The economic success of an organization depends on it competitiveness. Innovation and market competition share an inverted U relationship.1 Novel goods and services provide monopolistic incentives to the innovators.2 Hence, technological innovation is very important for organizations and political regions. US employers spend billions of dollars annually in health-related expenses.3 Multiple studies have confirmed that better health results in higher productivity.4–6 Thus, public health is also critical to the viability of organizations and political regions. The United Nations Human Development index presents the clearest evidence that year over year, countries with stronger economies tend to have better public health and advanced technological accomplishments.7,8 However, these reports don’t present a quantified relationship between the two constructs.

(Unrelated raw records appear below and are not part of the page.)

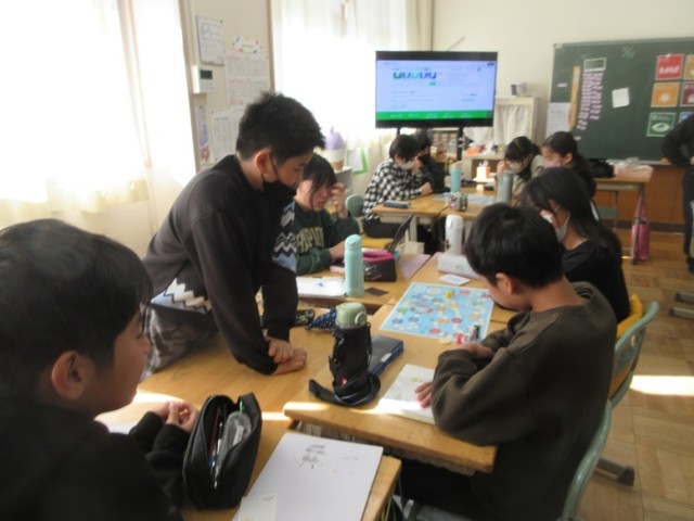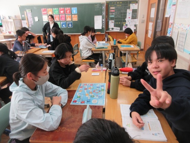6年1組は、国語でSDGsの学習です。楽しく学ぶためにすごろくをやりながら学習します。17の目標のますに止まったらカードを引きます。ちょうど止まることはできたかな?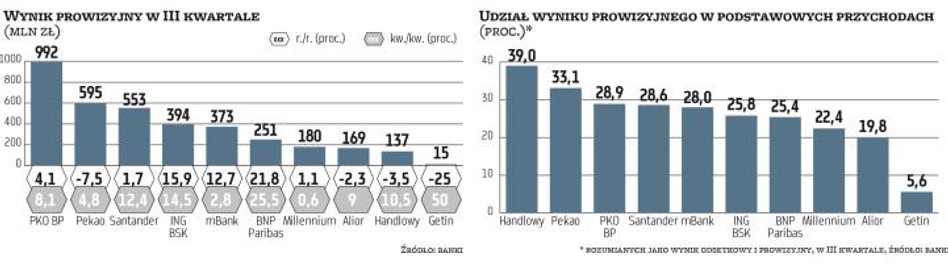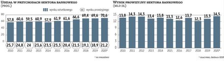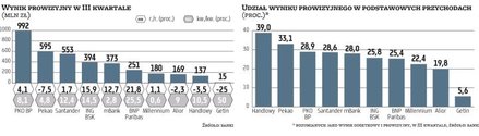 Tegoroczne odbicie tego wyniku po kilku chudych latach jest więc pozytywnym zaskoczeniem. Wzrost w ujęciu rok do roku skłania do optymizmu, że będzie to trwały efekt, dzięki m.in. wprowadzanym systematycznie podwyżkom w tabeli opłat i prowizji. Trudno jednak o hurraoptymizm – w całym roku rezultat ten może wynieść 14,5 mld zł (byłby to wzrost o prawie 9 proc.), ale nie jest to przełomowa poprawa – jeszcze w latach 2011 i 2012 był niewiele niższy i wyniósł po 14,3 mld zł. Poza tym trzeba pamiętać o udziale tego rezultatu w przychodach sektora: ubytek wyniku odsetkowego po cięciu stóp w skali roku może sięgnąć 6 mld zł przy wzroście wyniku prowizyjnego „tylko" o 1,2 mld zł.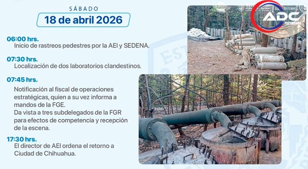 Al día siguiente, el grupo retomó el recorrido por caminos rurales, pasando por Morelos hasta llegar a El Pinal, donde establecieron un campamento. El 18 de abril iniciaron rastreos que derivaron en la localización de dos laboratorios clandestinos, por lo que se realizaron labores de inspección y resguardo del sitio antes de planear el regreso.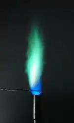 | أخضر | باريوم | BaCl2 (كلوريد الباريوم) |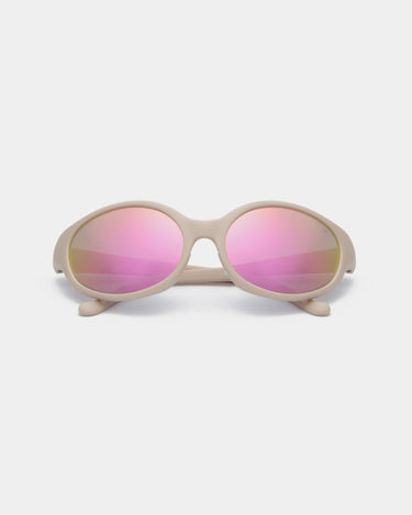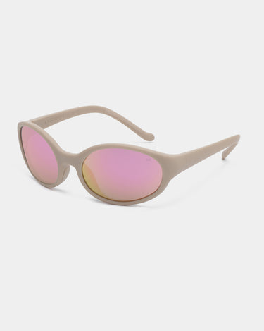 De zachte rondingen en reflecterende lens creëren een krachtige expressie.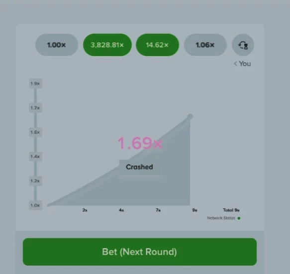 Choosing the right moment to cash out is the most important part, as you can’t redeem funds after the rocket has crashed. If the rocket hits the amount you set at the beginning or goes higher, you’ll win the round. But you lose the round if it crashes at any point lower than what you predicted.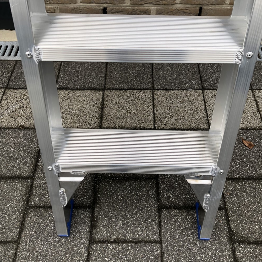 - 2 extra gelaste verstevigingshoeken onder de eerste trede.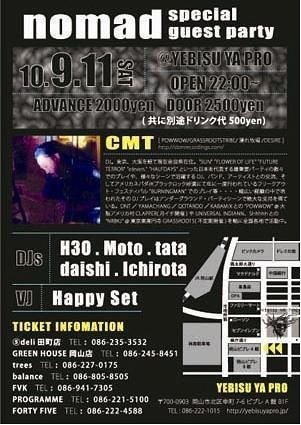 岡山の駅前に新しくOPENしたYEBISU YA PROにて現在のアンダーグラウンドミュージックシーンにおいて絶大なる支持を受けるCMTが初の来岡。

Importance of the research study

Dreyfuss9 noted that it is challenging to measure the value and impact of knowledge generated by technological innovation. One way to make this measurement is the process of technology assessment.10 However, this method seems to be limited to assessment of specific technologies and not the complete spectrum of technological development.11–16 Rogers17 held that technological innovation is dynamic and iterative and that it propagates under the influence myriad of socioeconomic forces.17 However, this theory doesn’t address the collective impact of technological innovation on the society. Berwick18 observed that decision makers need to understand all affects of innovation. Türmen and Clift19 maintained that without access to all products of technological innovation, there is limited public health benefit. Nevertheless, the relationship between technological innovation and public health was not quantified.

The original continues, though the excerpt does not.